Data section –
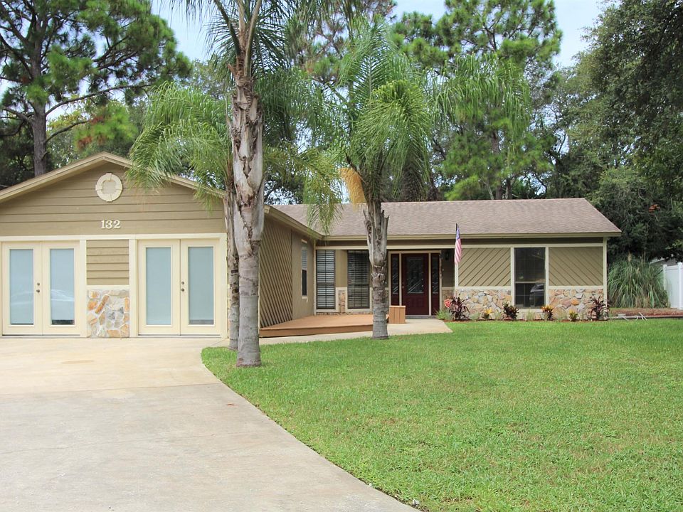 Location! Location! Beautifully updated home available in St Augustine South, a boat and RV friendly community with no HOA. The kitchen and baths have been updated and have new plumbing. The A/C was replaced 3 years ago and the roof 7 years ago. There is a large living room with a fireplace and door to the screened lanai. The owners suite has sliders to the backyard and an attached full bath with twin vessel sink vanity. There is also a flex space for your home office or den. The fully fenced backyard makes a play place for children or that special fur baby. You and your friends can enjoy evenings sitting on the front deck or around the firepit in the back. Your grill will fit nicely on the patio just outside the lanai. Great home for people starting a family or enjoying retirement.
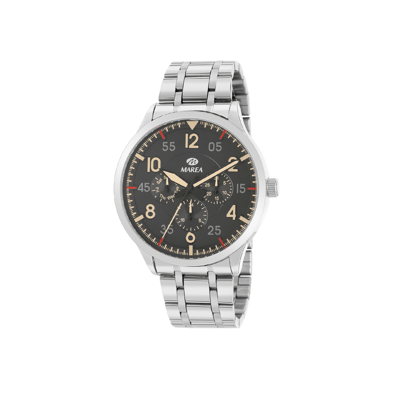 No pulso, o Relógio Chromax apresenta-se como uma presença equilibrada — nem demasiado discreto, nem exagerado — pensado para quem valoriza funcionalidade sem abdicar do estilo. A caixa metálica de 40 mm de diâmetro confere solidez, enquanto o mostrador em tom cinzento, complementado por toques de bege e vermelho nos ponteiros, adiciona um carácter moderno e dinâmico.
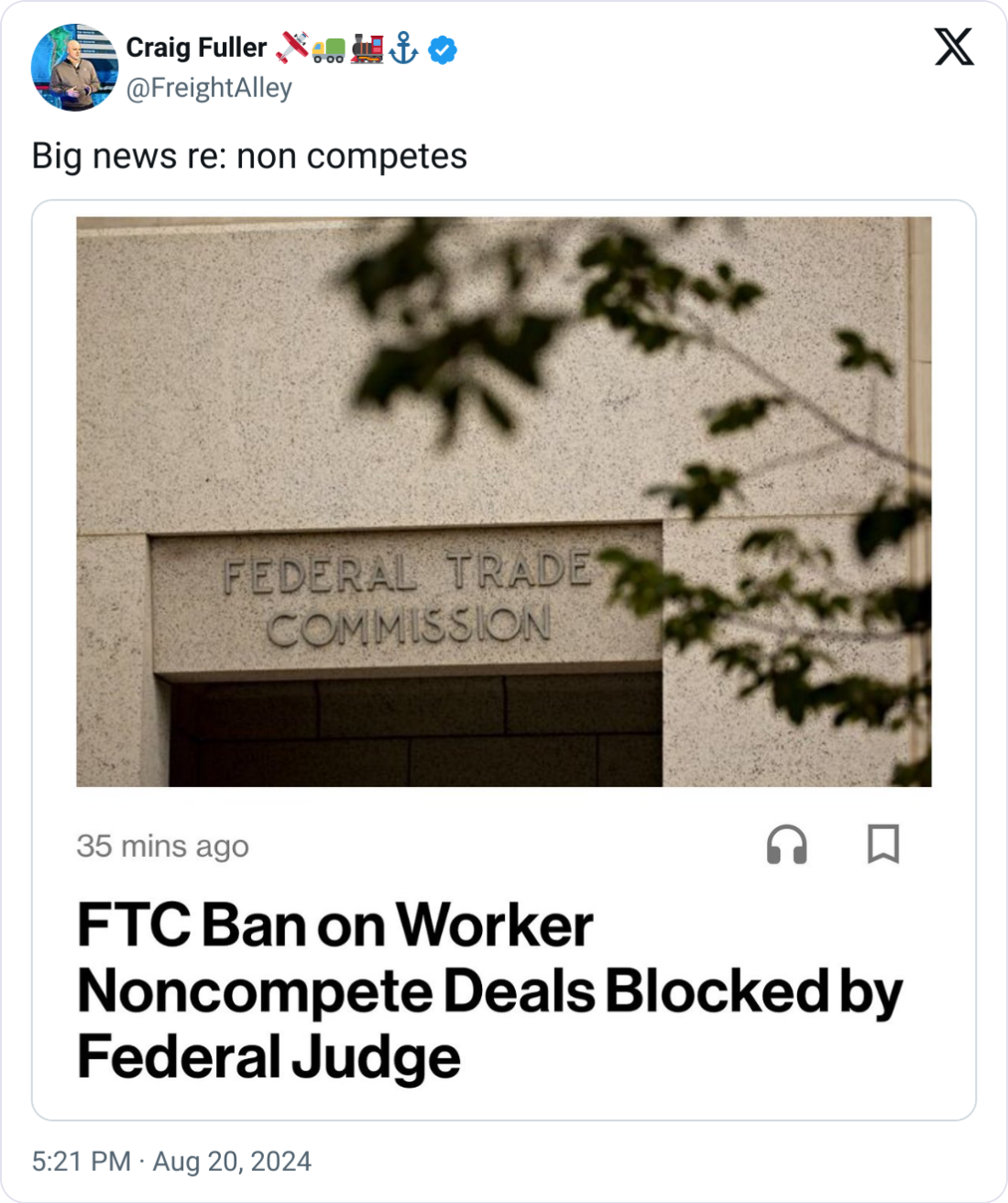 🚚 The Noncompete Ban. The FTC ban on worker noncompete deals was blocked by a federal judge. Matthew Leffler tweeted his prediction about a lengthy appeal process is upcoming.

Task prompt – From the data above, write out everything exactly except the pictures.

Written response –
 Location! Location! Beautifully updated home available in St Augustine South, a boat and RV friendly community with no HOA. The kitchen and baths have been updated and have new plumbing. The A/C was replaced 3 years ago and the roof 7 years ago. There is a large living room with a fireplace and door to the screened lanai. The owners suite has sliders to the backyard and an attached full bath with twin vessel sink vanity. There is also a flex space for your home office or den. The fully fenced backyard makes a play place for children or that special fur baby. You and your friends can enjoy evenings sitting on the front deck or around the firepit in the back. Your grill will fit nicely on the patio just outside the lanai. Great home for people starting a family or enjoying retirement.
 No pulso, o Relógio Chromax apresenta-se como uma presença equilibrada — nem demasiado discreto, nem exagerado — pensado para quem valoriza funcionalidade sem abdicar do estilo. A caixa metálica de 40 mm de diâmetro confere solidez, enquanto o mostrador em tom cinzento, complementado por toques de bege e vermelho nos ponteiros, adiciona um carácter moderno e dinâmico.
 🚚 The Noncompete Ban. The FTC ban on worker noncompete deals was blocked by a federal judge. Matthew Leffler tweeted his prediction about a lengthy appeal process is upcoming.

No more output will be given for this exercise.